The data period for the Top Products Survey is MAT 13 October 2012, except for tobacco where data is available only for full calendar months. Tobacco data is therefore MAT 30 September 2012. Nielsen’s Retail Measurement Service provides comprehensive information on actual purchases, market shares, distribution, pricing and promotional activities, and is the fastest and most accurate monitor of consumer sales in Europe. Nielsen services are constantly improved to reflect the retail marketplace, with back data being regularly reprocessed. It offers the UK’s most comprehensive read.
Copyright: The Top Products Survey data was compiled by Nielsen exclusively for The Grocer magazine/ William Reed Business Media. No reproduction of this list or data within, in full or in part, is permitted for commercial use without the prior consent of Nielsen.
Butter & margarine: includes solid oils.
Milk: includes all milk, with branded milk and dairy brands listed in the table.
Frozen pizza: category is split by sectors, including dietary, deep, light meal, restaurant-style, takeaway-style and thin.

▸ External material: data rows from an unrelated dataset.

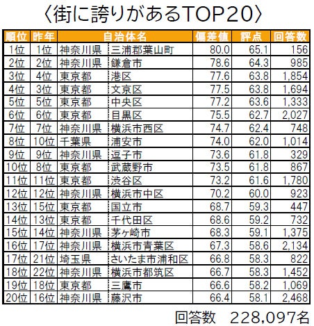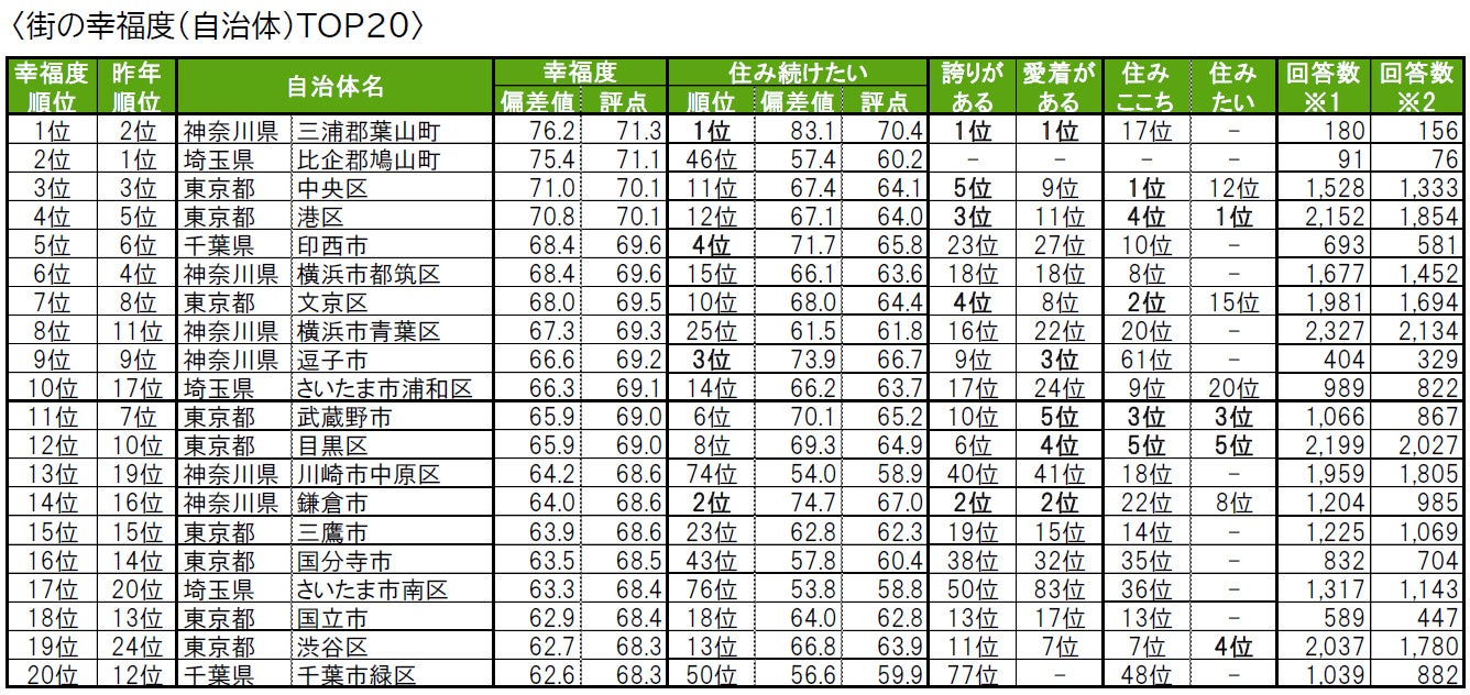 街の幸福度(自治体)ランキング<TOP20>&住み続けたい街/街に誇りがある/街に愛着がある<各TOP20>
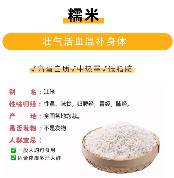 🔆糯米 糯米自带温润绵密的香甜口感 是中式点心里的“软糯担当” 它富含碳水、蛋白质及多种微量元素 不仅能为点心带来软糯弹牙的质地 绵密香甜,还能温和补充能量 暖胃又暖心,一口下去满是治愈满足~
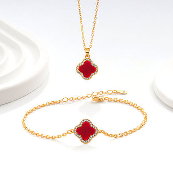 Dört yapraklı yonca kolye küpe seti kadın S925 gümüş kaplama 18K altın anne kabuk zirkon avrupa amerika takı
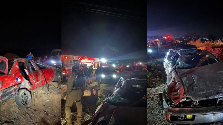 El percance se registró alrededor de las 10 de la noche del sábado, en el tramo por donde se encuentran Los Pinos; se trató de un fuerte choque frontal en el que uno de los carros implicados, debido a la fuerza del impacto, se salió del camino y volcó.
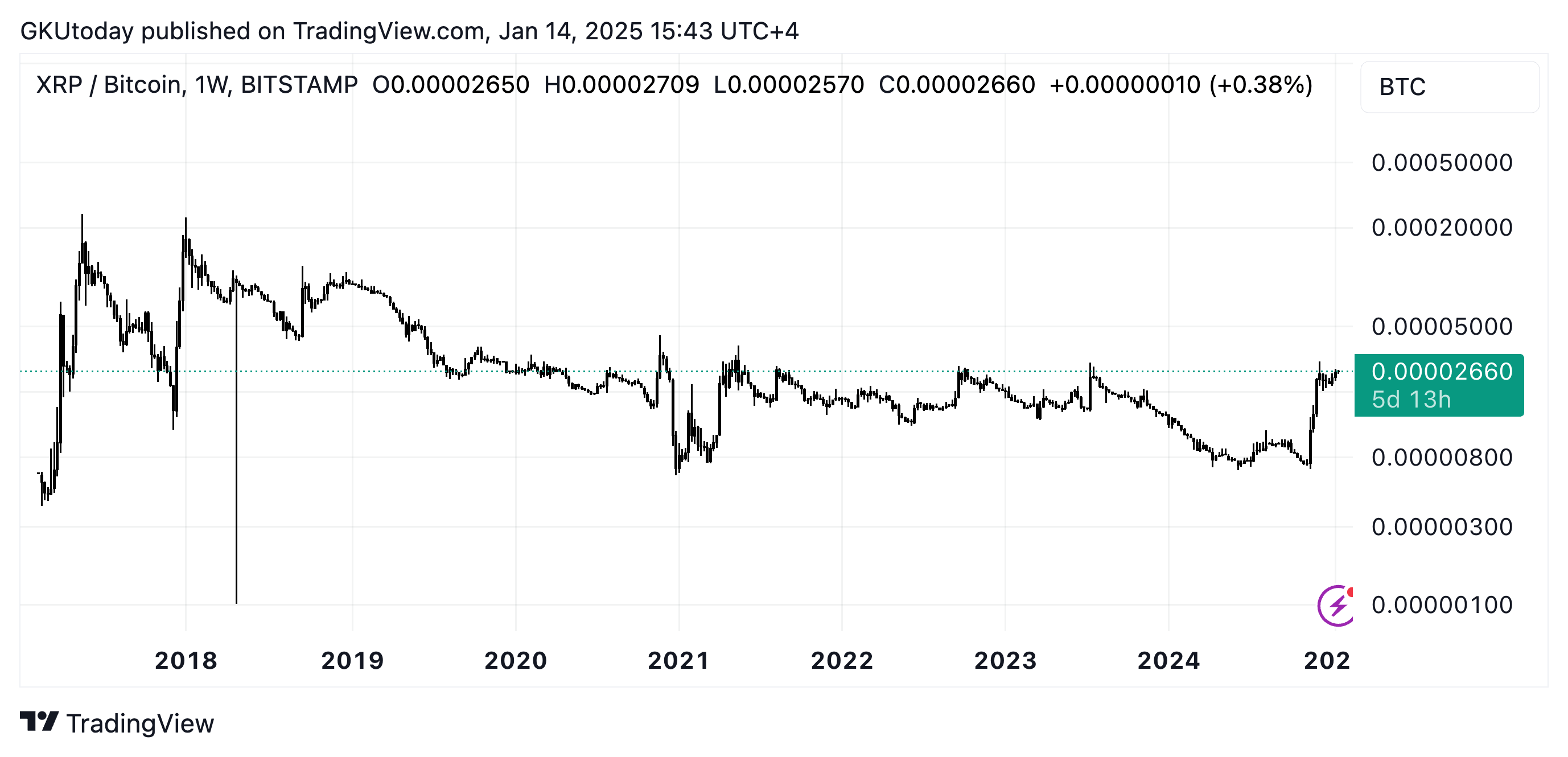 In den letzten zwei Monaten hat XRP ein beeindruckendes Wachstum von 271 % verzeichnet, wobei der Kurs von 0,00000733 BTC auf 0,00002678 BTC pro XRP gestiegen ist. Dieses Niveau stellte in der Vergangenheit eine hartnäckige Barriere dar, mit gescheiterten Durchbruchsversuchen im Sommer 2023 und Herbst 2022. Nun, da XRP diese Grenze endlich überschritten hat, scheint der Weg für weitere Preisentwicklungen frei zu sein.

Tea & coffee: decaf variants are split out.
Laundry: category split by formats (tablet, gel, powder, liquid and capsule).
Table sauces: includes thick and thin table sauces, including salad dressing.
Frozen fish: due to re-segmentation of database, products are split differently to 2011 and at a level more in line with the other categories.
Soup: snack pots are excluded from soup but included in instant pot snacks.